WHAT IS EXPECTED:
Stop after the line that contains "- Entrare in". Until then, retype each line of the entries exactly from the first one, skipping pictures.

━━━━━ DATASET ━━━━━

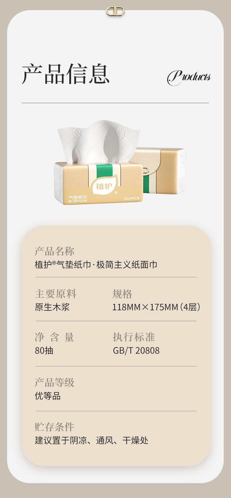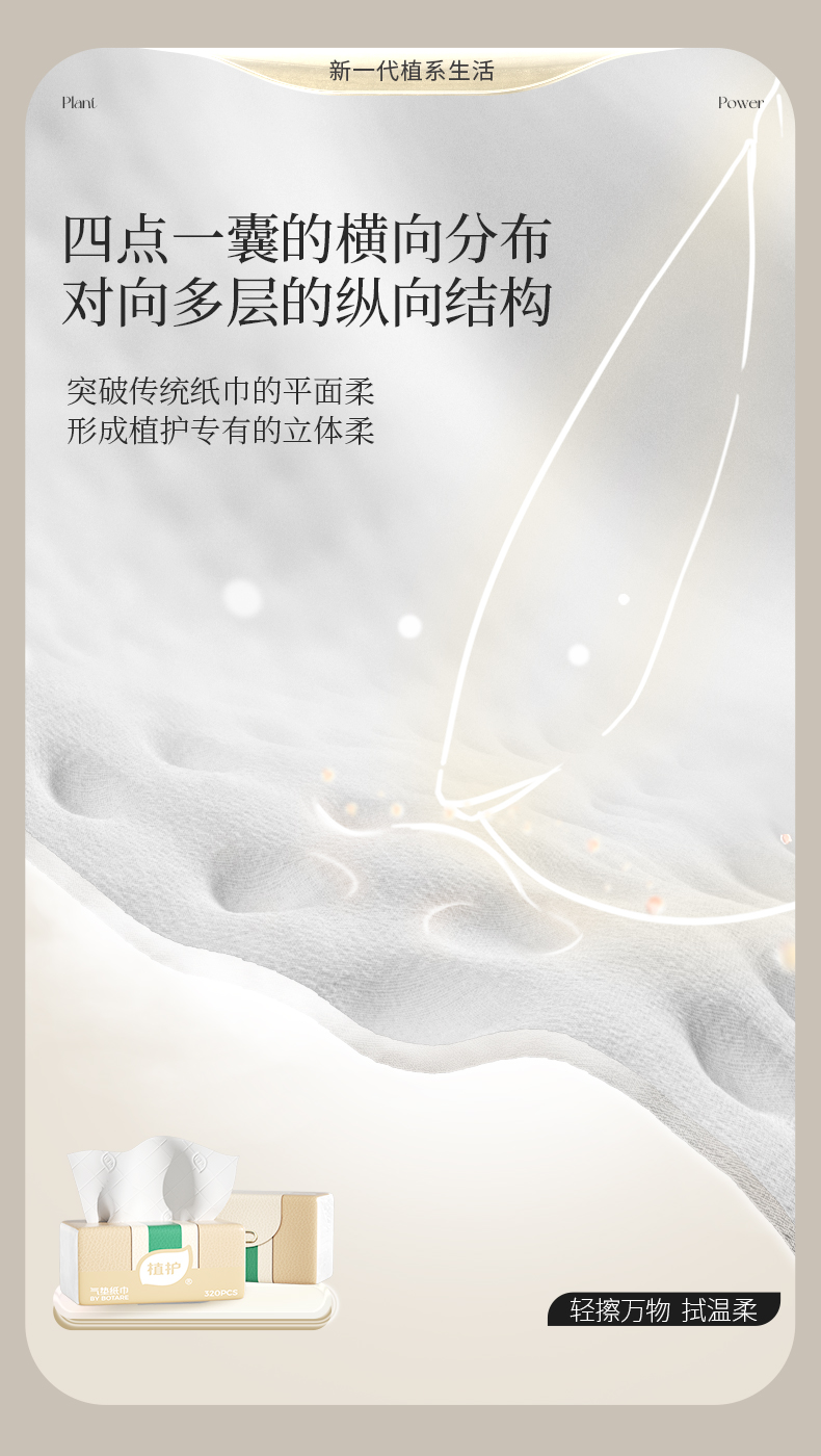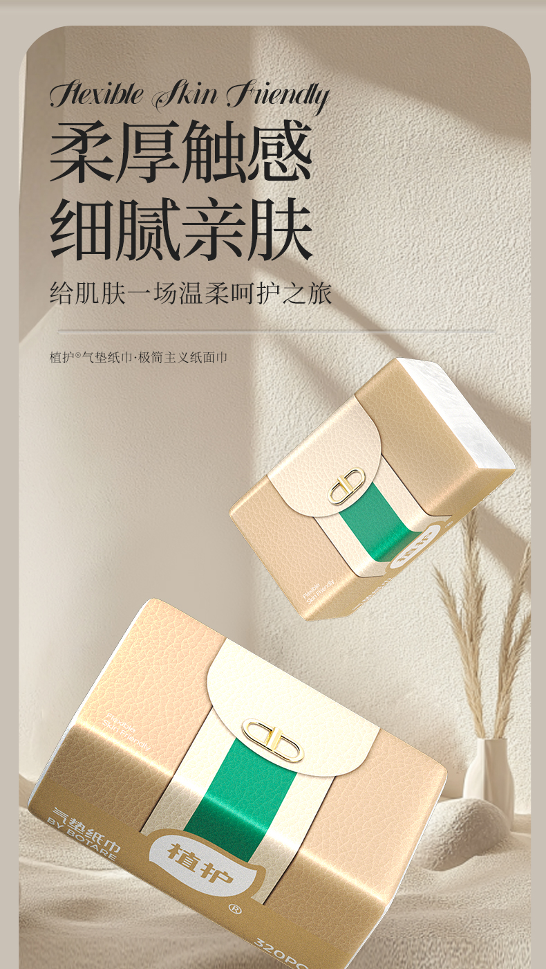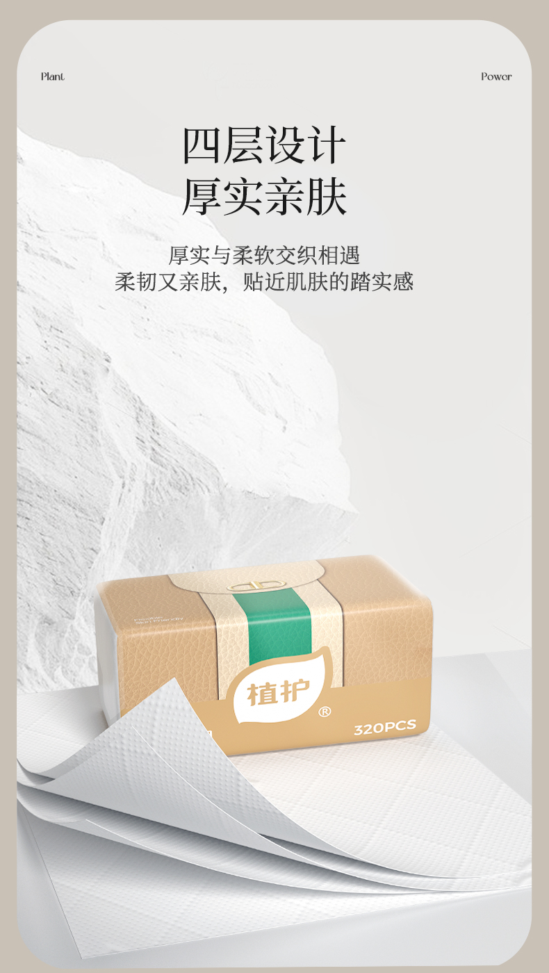 植护 极简主义 118*175/4层 80抽 3包/提 气垫纸面巾 象牙色(单位:提)
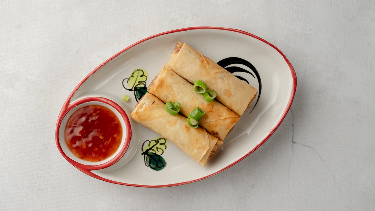 Chrupiące warzywne sajgonki serwowane z sosem słodkim z chili. Danie zawiera sos rybny.
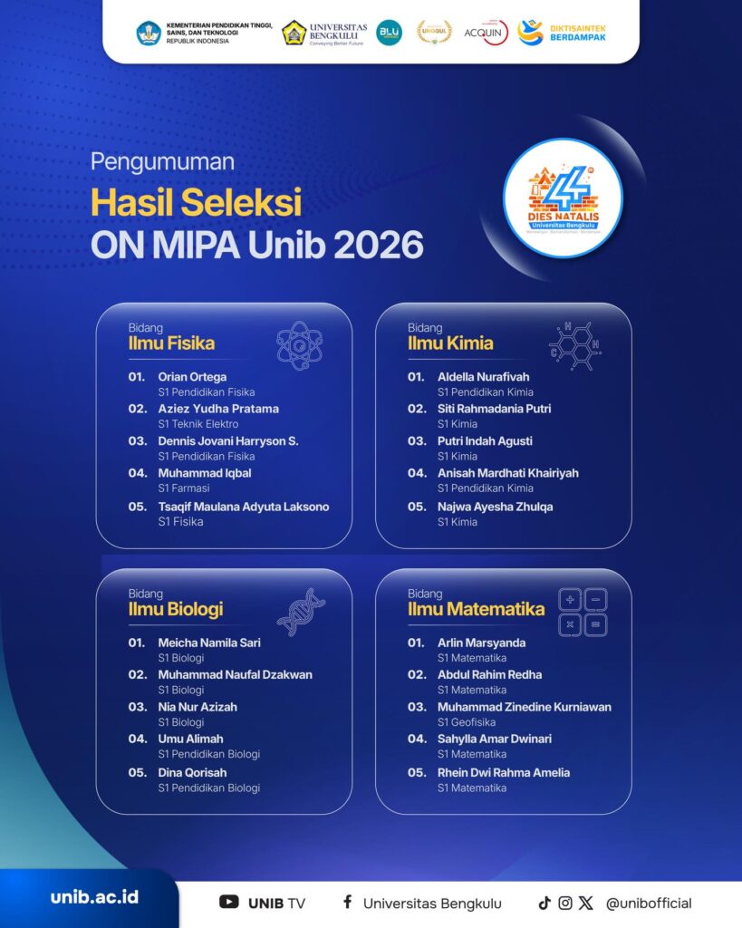 Selamat! Kami ucapkan kepada para mahasiswa/i terbaik yang telah berhasil lolos seleksi ON MIPA tingkat Universitas Bengkulu tahun 2026 dalam rangka menyambut Dies Natalis UNIB ke-44.
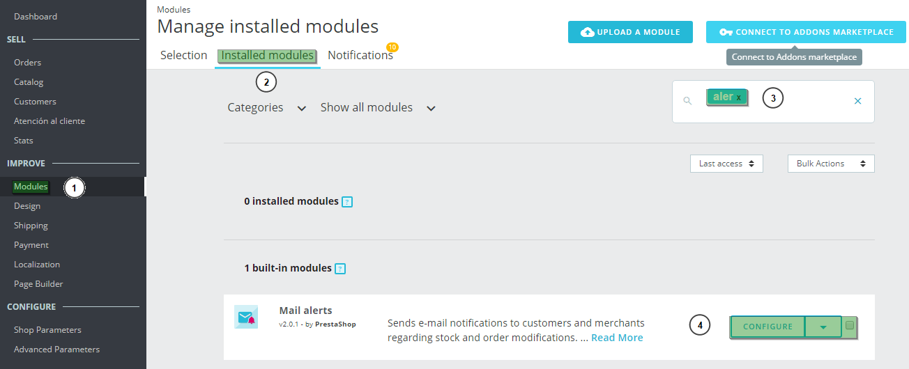 - Entrare in Moduli -> Moduli (1), nella sezione Moduli installati (3), su trova scrivere alert (3). Apparirà come risultato “Mail alerts”. Cliccare sul tasto Configura (4)
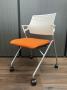 【定価約5万円】【使わない時は平行に重ねて収納!肘付きで長時間の会議も安心の座り心地】■コクヨ(KOKUYO)製 ピエガシリーズ(Piega) ネスティングチェア ミーティングチェア ■固定肘 ■背パッド無し/ブラック 座面:オレンジ ■キャスター付

━━━━━

EXERCISE RESULT:
 植护 极简主义 118*175/4层 80抽 3包/提 气垫纸面巾 象牙色(单位:提)
 Chrupiące warzywne sajgonki serwowane z sosem słodkim z chili. Danie zawiera sos rybny.
 Selamat! Kami ucapkan kepada para mahasiswa/i terbaik yang telah berhasil lolos seleksi ON MIPA tingkat Universitas Bengkulu tahun 2026 dalam rangka menyambut Dies Natalis UNIB ke-44.
 - Entrare in Moduli -> Moduli (1), nella sezione Moduli installati (3), su trova scrivere alert (3). Apparirà come risultato “Mail alerts”. Cliccare sul tasto Configura (4)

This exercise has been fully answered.